J’ai essayé de lire autant que possible de l’histoire contemporaine pour comprendre le contexte politique de l’époque. Pendant les années 70 et les années 60, on a vu comment toute une génération a fait le passage de la théorie révolutionnaire à l’action militaire. Je crois que le film, d’un point de vue plutôt dramatique, analyse ce qui s’est passé, et pourquoi beaucoup de ces rêves de révolution et de changement n’ont pas réussi. Peut-être que maintenant, on a la perspective historique pour en parler. Mais dans le film, on a essayé d’en parler d’un point de vue dramatique et humain, pas d’un point de vue politique. C’est un film qui parle de la politique, mais ce n’est pas un film politique.
De ce point de vue humain, n’y a-t-il pas une certaine solitude du personnage de Carlos à l’intérieur du film, et également une solitude de tournage ? Il y a des acteurs récurrents, mais vous seul tenez l’endurance jusqu’au bout...

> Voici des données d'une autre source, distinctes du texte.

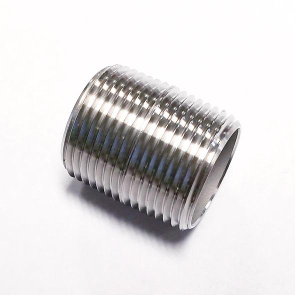 Made out of 304 stainless steel. This piece of hardware is used to connect two fittings that have female threads. The size of this nipple is 1″ NPT.

Ca a été une similitude très ironique. Même à la fin de l’histoire, le personnage était tout seul... comme nous ! Parce qu’à la fin du tournage, nous étions très peu, quinze ou vingt personnes qui avaient commencé depuis le début. C’était intéressant : l’environnement à la fin du tournage était très proche de celui de Carlos à la fin du film.
On vante beaucoup vos facultés polyglottes. Du point de vue de l’acteur, y a-t-il une différence à jouer dans plusieurs langues ? Y a-t-il des inhibitions qui tombent ?
C’est intéressant, je n’y ai jamais pensé... Je me sens très à l’aise dans les langues que je parle. Chaque langue donne une expérience particulière, est une mentalité différente. Chaque langue a un rythme particulier et différent, une façon de construire les idées... Mais pour moi, c’est drôle de changer d’une langue à une autre, surtout pour un personnage comme Carlos. Cette confusion de nationalités, de langues a été une partie importante du personnage, de son caractère mimétique, international et... internationaliste ! Et aussi romantique : il croyait à une révolution internationale, où tous les gens viendraient ensemble pour changer le monde, dans une sorte de tour de Babel.
Et le fait d’apprendre l’arabe de manière phonétique était encore une expérience différente ?
Différent, et dur. La langue arabe n’a rien à voir avec les langues occidentales, et ça a été un boulot énorme.
Propos recueillis à Paris le 5 juillet 2010.